• **INSTRUCTIONS FOR THE TASK**:
What is needed is an exact repetition of the lines from the first one in the data through the line with "Serwetki białe w", with no pictures.

• **RECORDED DATA**:
· · · ·

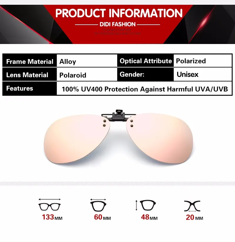 Function:Polarized Glasses Clip Lens 100% UV400 Protection,Against Harmful Rays
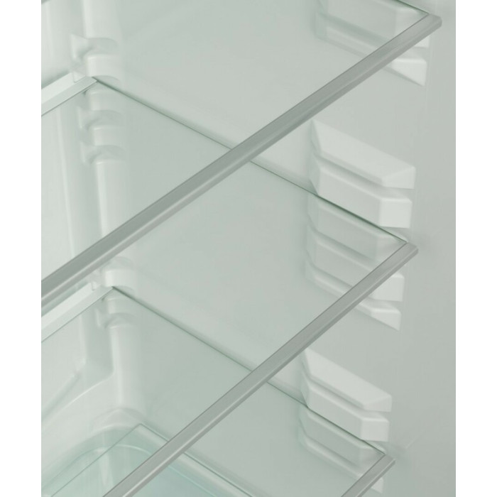Полки из закаленного стекла выдерживают вес до 25 кг, их тяжело разбить и поцарапать, но очень легко чистить. Закреплённые рамы в передней и задней частях полки не позволят разлившейся жидкости капать на нижние полки. Положение полок легко можно отрегулировать — поменять их высоту или вынимать совсем.
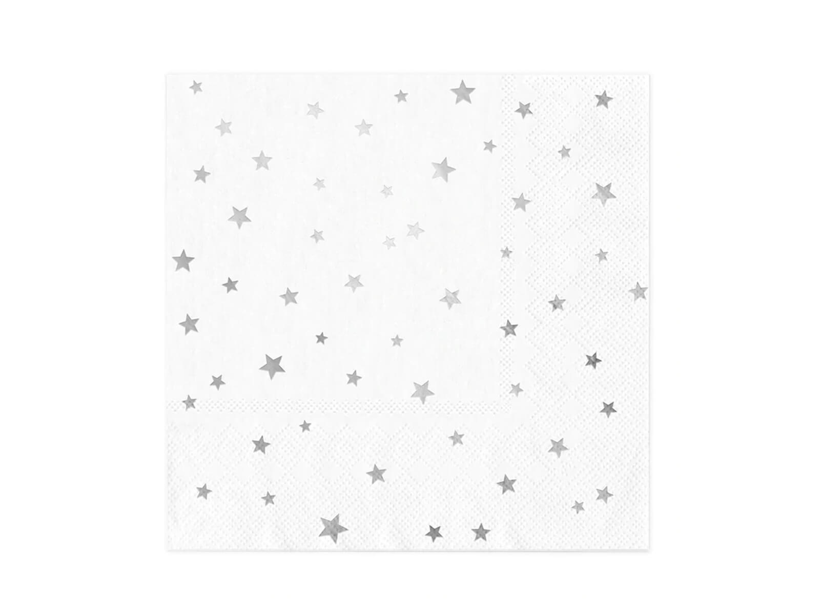Serwetki białe w srebrne gwiazdki - 33 cm - 10 szt.
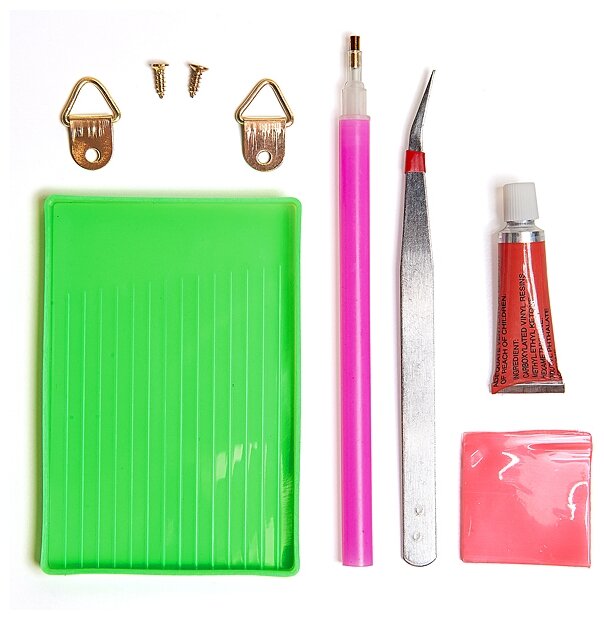 - Комплектация - тканевый холст с клеевым слоем и с нанесенной схемой рисунка; - схема с символами мозаики; - клей-липучка для стилуса; - пинцет металлический; - стилус для захвата элементов; - пластиковый контейнер для элементов мозаики; - комплект разноцветных мозаичных элементов; - фурнитура для крепления картины.

· · · ·

• **FINAL ANSWER**:
 Function:Polarized Glasses Clip Lens 100% UV400 Protection,Against Harmful Rays
Полки из закаленного стекла выдерживают вес до 25 кг, их тяжело разбить и поцарапать, но очень легко чистить. Закреплённые рамы в передней и задней частях полки не позволят разлившейся жидкости капать на нижние полки. Положение полок легко можно отрегулировать — поменять их высоту или вынимать совсем.
Serwetki białe w srebrne gwiazdki - 33 cm - 10 szt.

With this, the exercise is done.